Autre atout : le visuel. Rien à dire, The Musketeers, question fringues, ça pète ! Les tenus des mousquetaires, bien qu’anachroniques et vraiment fantaisistes, sont superbes (et bien portés). Mention bien aussi pour les équipements ; pistoles, arquebuses, mousquets, rapières sont au rendez-vous, avec un bel effort de reconstruction dans leur utilisation, ce qui amène un bel aspect réaliste. La reconstitution des quartiers populaires parisiens se résume à deux plateaux mais riches en échoppes, en étals et autres détails. Au Louvre, courtisans et dirigeants endossent de superbes toilettes, notamment Anne d’Autriche (Alexandra Dowling), et les quelques ajouts en synthèse contribuent à donner le change. Globalement, la réalisation se révèle sobre mais efficace – les chorégraphies de combats style «de capes et d’épées » sont nerveuses et limpides – et emploie avec justesse la cosmétique de la série. On se trouve donc devant le fruit d’un bon travail de production.

Pourtant, The Musketeers, même si  la série a tenu trois saisons, est un semi-échec. Question audience, le show n’a pas réussi à trouver son public. Je pense que l’une des principales raisons qui a conduit à son non renouvellement est l’absence d’une véritable prise de position dans son traitement. Contrairement à d’autres productions qui recycle des thèmes vintage (films de pirates, peplum, etc) avec une relecture plus adulte et une imagerie putassière (comme Black Sails ou Rome, par exemple), The Musketeers a cherché sa cible dans une audience familiale, lissant scénario et mise en scène, développant des intrigues aussi naïves que tarabiscotées.  Hors, à l’heure où l’ado regarde son show préféré en  replay sur l’Internet, très éloigné des loisirs de parents qui, eux, du coup, s’orientent vers des spectacles plus spécialisés,  ce type de public de masse se raréfie. La séquence finale de la série, qui prend la forme d’un happy end dégoulinant de bons sentiments disneyens, contrastant avec la couleur générale d’un épisode particulièrement violent (du moins, graphiquement explicite), est le parfait exemple des errements d’une production qui n’a pas su (pu ?) prendre ses responsabilités.

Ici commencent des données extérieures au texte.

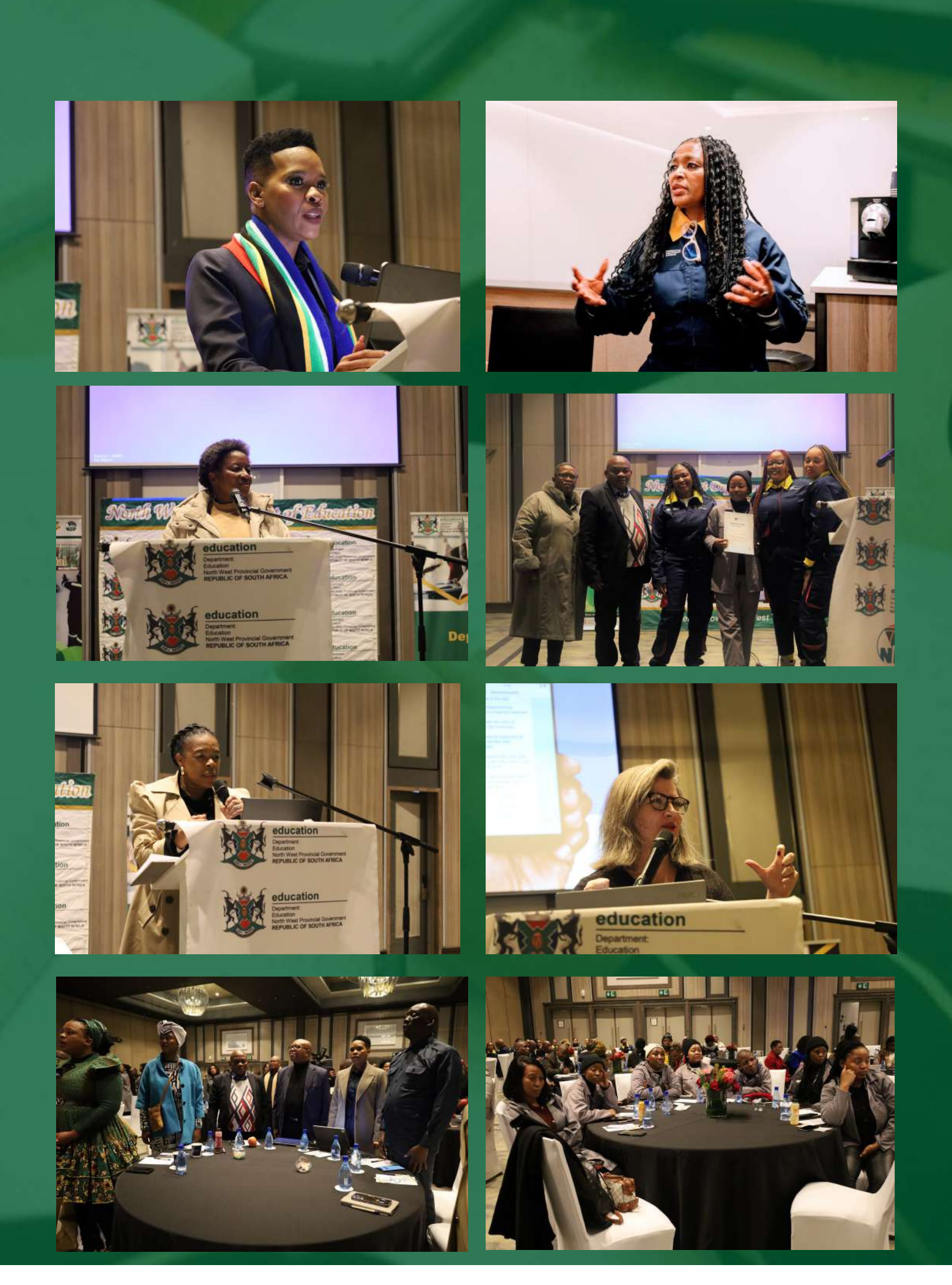
Learner Registration - 08 April - 30 September 2025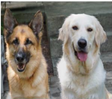
HAPPY DOG Ears up Soft eyes Mouth open Posture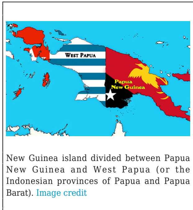
New Guinea island divided between Papua New Guinea and West Papua (or the Indonesian provinces of Papua and Papua Barat).

spokesperson for Fijian opposition party the United Front for a Democratic Fiji has accused Indonesia of meddling in Fijian internal affairs by offering support for Fijian Prime Minister Commodore Bainimarama in anticipation of his re-election that occurred in September 2014, and buying off support for West Papuan self-determination 65 .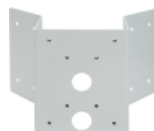
Corner Mount (BC002)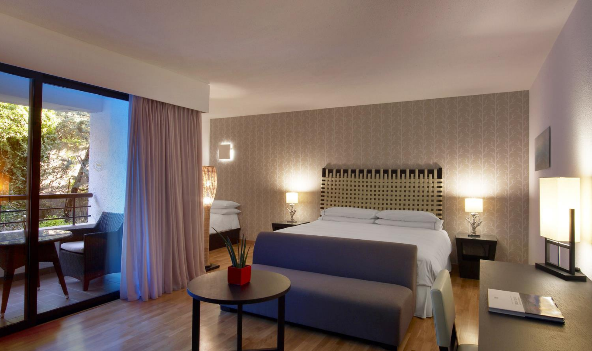
Family Room – Mountain View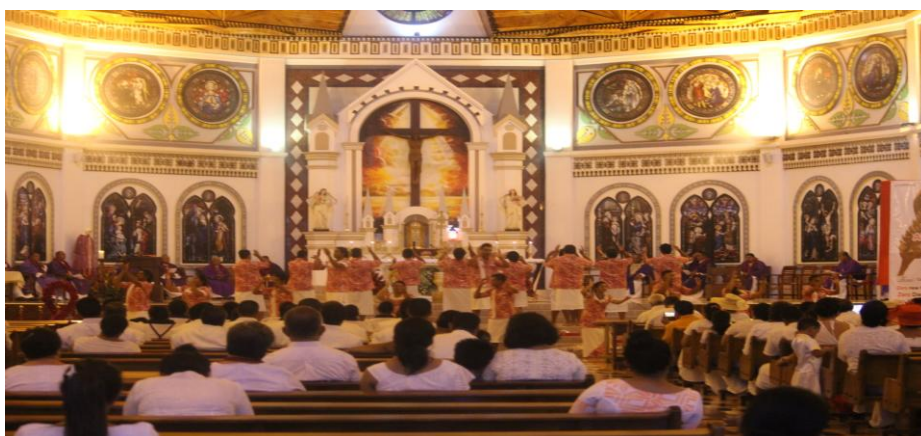
WAD 2015 mass at Mulivai Cathedral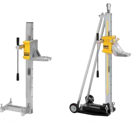
REMS Simplex 2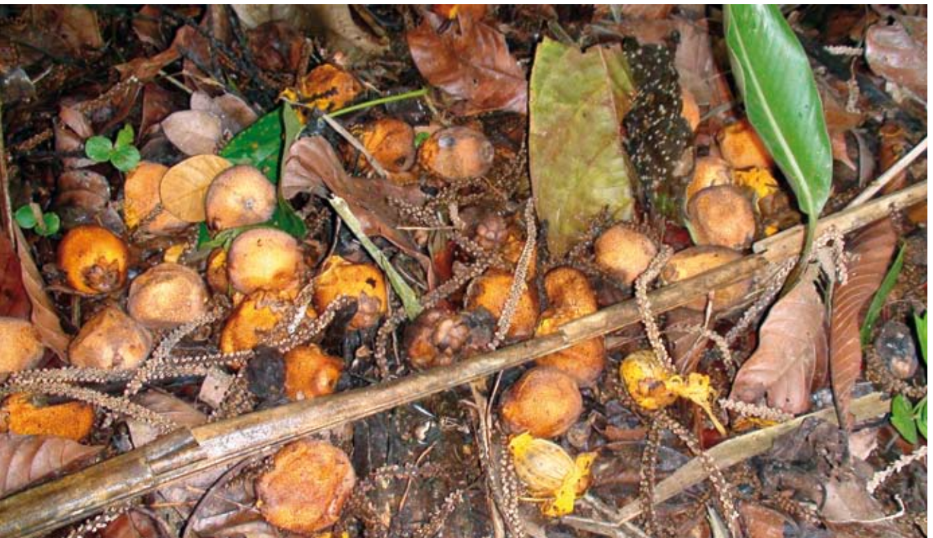
Figure 5. Astrocaryum ulei , ripe fruits fallen on the ground.

This work was done under the agreement between UNMSM/ Universidad Nacional Mayor de San Marcos, Peru and IRD/ Institut de Recherche pour le Développement (UMR DIAPC), France, and supported by the PALMS project funded by the European Community, 7th Framework Programme, Grant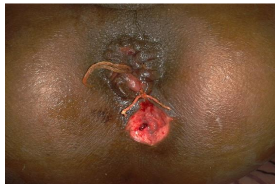
Fig 3 During follow up

Follow up of patients were done daily for 1 week to assess the post-operative recovery after that the patient was discharged (Figure 3).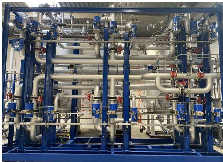
VF2 dryer TSA 2 200-2,5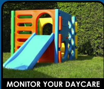
MONITOR YOUR DAYCARE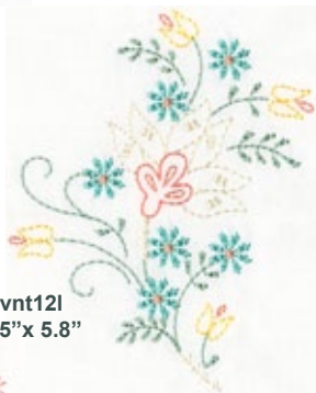
vnt12l 4.5"x 5.8"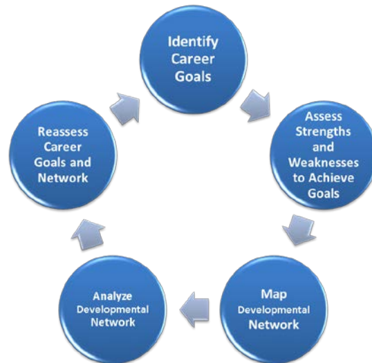
Figure 2. Identifying Career Goals and Mapping Developmental Networks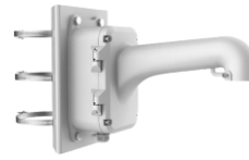
DS-1604ZJ-Box-Pole Vertical Pole Mount with Junction Box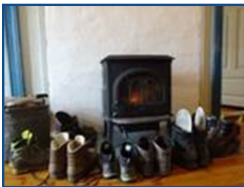
Figure 16: Pilgrim boots drying together around a shelter stove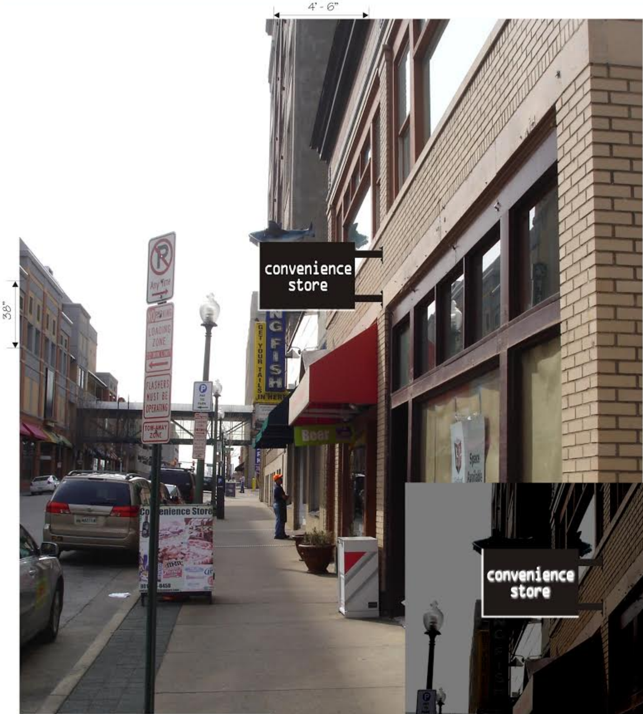
DOUBLE FACE ALUMINUM SIGN CONVENIENCE STORE ROUTED W/ PUSH-THRU COPY & COPPER VINYL OVERLAY INTERNAL LED ILLUMINATION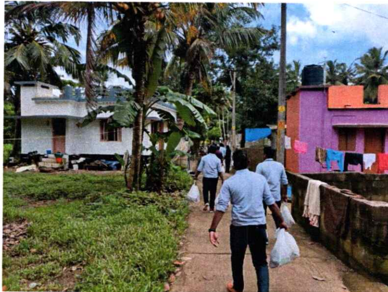
NSS volunteers carrying the kits for distribution to the people of the adopted village.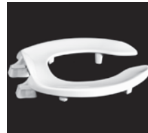
HL300 Regular Handicap Lift Seat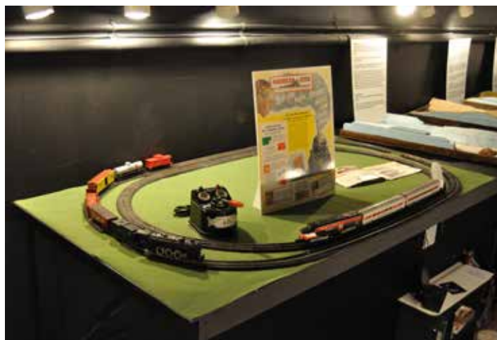
The museum's American Flyer exhibit simulates the type of layout possible in a 4' x 8' space. With two loops of track, this could keep a child entertained for hours.

By the 50's the use of plastics was common, simplifying the manufacturing of rolling stock. The locomotive mechanisms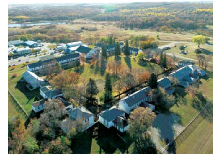
Fort Totten State Historic Site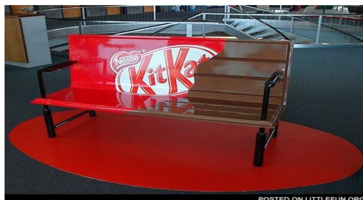
Figure 2: Nestle, Kitkat’s Guerrilla Advertising Example

In line with the results, the primary guerilla advertising example that women liked was the advertisement of “Nestle, Kitkat” with 8%.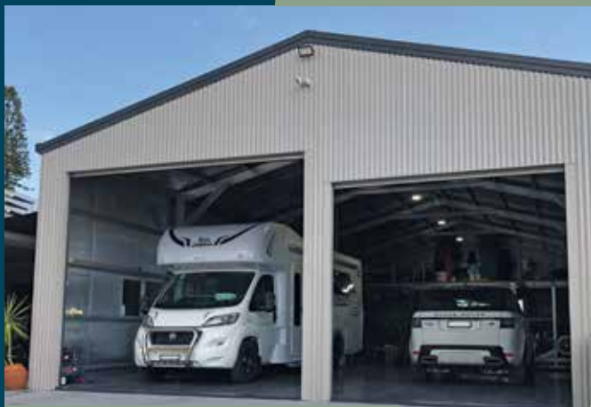
10. MULTI-PURPOSE RESIDENTIAL GARAGE 20m x 9.5m x 4m with mezzanine floor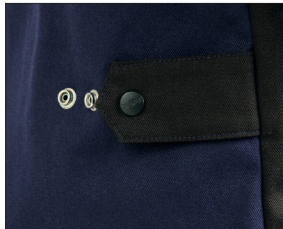
3-Notch Waist Adjustment helps create the perfect fit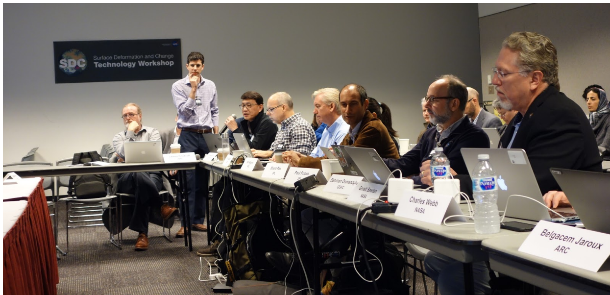
Figure 3: The SDC technology steering committee was placed front and center to foster a two-way engagement with the panelists.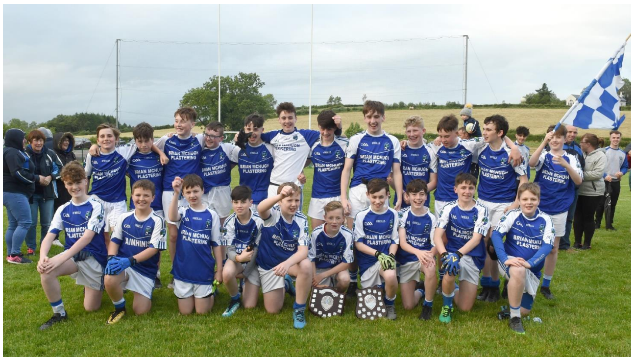
Devenish St Mary's – U15 B FC & U15 FL Div 3 Winners 2018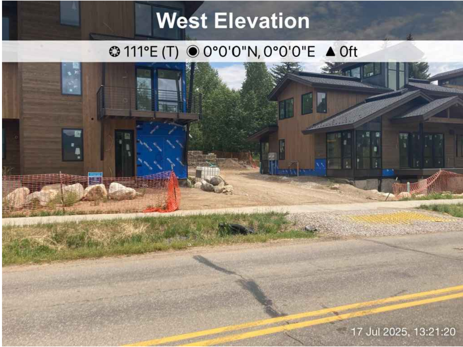
VIEW FROM PROJECT ENTRY

Bon, je n’en dirais pas plus si vous n’avez pas encore vu la série (spoiler, c’est maaal !) mais si je devais vous donner un conseil : contentez-vous de visionner la première saison, elle se suffit à elle-même et est, de loin, la meilleure.

Ma note : 3,5/5 (première saison), 2,5/5 (deuxième saison), 2/5 (troisième saison)

The Musketeers (GB / 2014-2016)

Série britannique créée par Jessica Pope et Adrian Hodges

Trois saisons de 10 épisodes d’environ 50 minutes

Avec : Tom Burke (Athos), Luke Pasqualino (D’Artagnan), Santiago Cabrera (Aramis), Howard Charles (Porthos), Alexandra Dowling (Anne d’Autriche), Ryan Gage (Louis XIII), Tamla Kari (Constance), Hugo Speer (Tréville), Ruper Everett (De Feron), Maimie McCoy (Milady de Winter), Peter Capaldi (Richelieu), Marc Warren (Rochefort).